One of the convoy's local partners for aid distribution is the nonprofit, the Cuban Institute of Friendship with the Peoples. And while organizers of the convoy have described the organization as an "independent nonprofit," declassified documents from the CIA allege that the organization may be a front for Cuban intelligence services.

In Italy, the Alternative Student Opposition, the Network of Communists and Cambiare Rotta stated they would openly support the convoy, and were later joined by the political party Power to the People and by the labour union Unione Sindacale di Base.

==== By notable individuals ====
Ada Colau, Greta Thunberg, and Rashida Tlaib have endorsed the initiative.

=== After departure ===
Journalist Yoani Sánchez argued that the convoy's engagement with Cuban authorities undermined its stated solidarity, given the government's record of repression, including the detention of political prisoners after the 2021 protests.

María Elvira Salazar publicly criticised the convoy, portraying it as insensitive and characterising elements of the trip as resembling tourism rather than a serious humanitarian effort.

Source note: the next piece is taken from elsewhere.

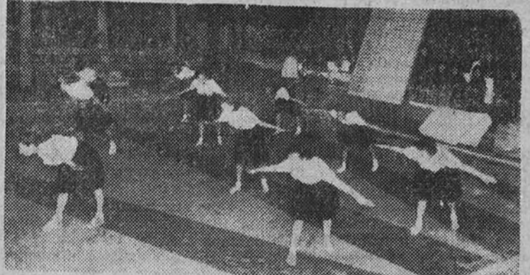
Prueba de gimnasia educativa de los Campeonatos nacionales de la Sección Femenina

Esta mañana han continuado las pruebas semifinales de los VI Campeonatos nacionales de gimnasia educativa de la Sección Femenina de F. E. T. y de las J. O. N. S. que se están celebrando en estos días en Madrid. En las pruebas de esta mañana tomaron parte los siguientes equipos:
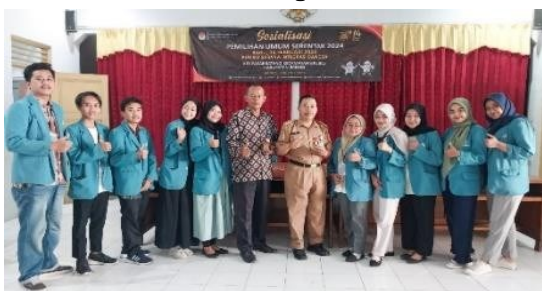
Gambar 8. Penyerahan Booklet Penting Abimanyu

Pelaksanaan Audiensi dan penyerahan Booklet Penting Abimanyu kepada pihak Krlurahan PasarBatang dilaksanakan pada tanggal 29 Agustus 2023 dengan menyampaikan terkait inovasi dalam pembuatan abon Ikan Manyung. Audiensi dilaksanakan bertempat di Aula Kelurahan Pasarbatang dengan mencakup hal-hal yang di sampaikan seperti cara pembuattan Abon Ikan Manyung, manfaat dari Abon Ikan Manyung, tujuan adanya inovsi pembuatan Abon Ikan Manyung serta kandungan gizi yang terdapat dalam Abon Ikan Manyung. Tim KKN-T Kelompok 1 Pasarbatang juga menyerakan booklet Abon Ikan Manyung kepada pihak Kelurahan Pasarbatang dengan tujuan agar

The New Humanitarian reported that convoy participants stayed in five-star Havana hotels that retained electricity during blackouts affecting the rest of the city, and travelled around the capital in electric buses while public transportation elsewhere in the country remained paralysed by the fuel shortage, prompting criticism from some Cubans. Some American conservative commentators similarly characterised the convoy as a largely symbolic gesture, and noted that several of its "strategic partner" organizations, including the U.S. Peace Council, the International Association of Democratic Lawyers, and the National Lawyers Guild, had long-standing ties to Cuban and Soviet-aligned solidarity movements.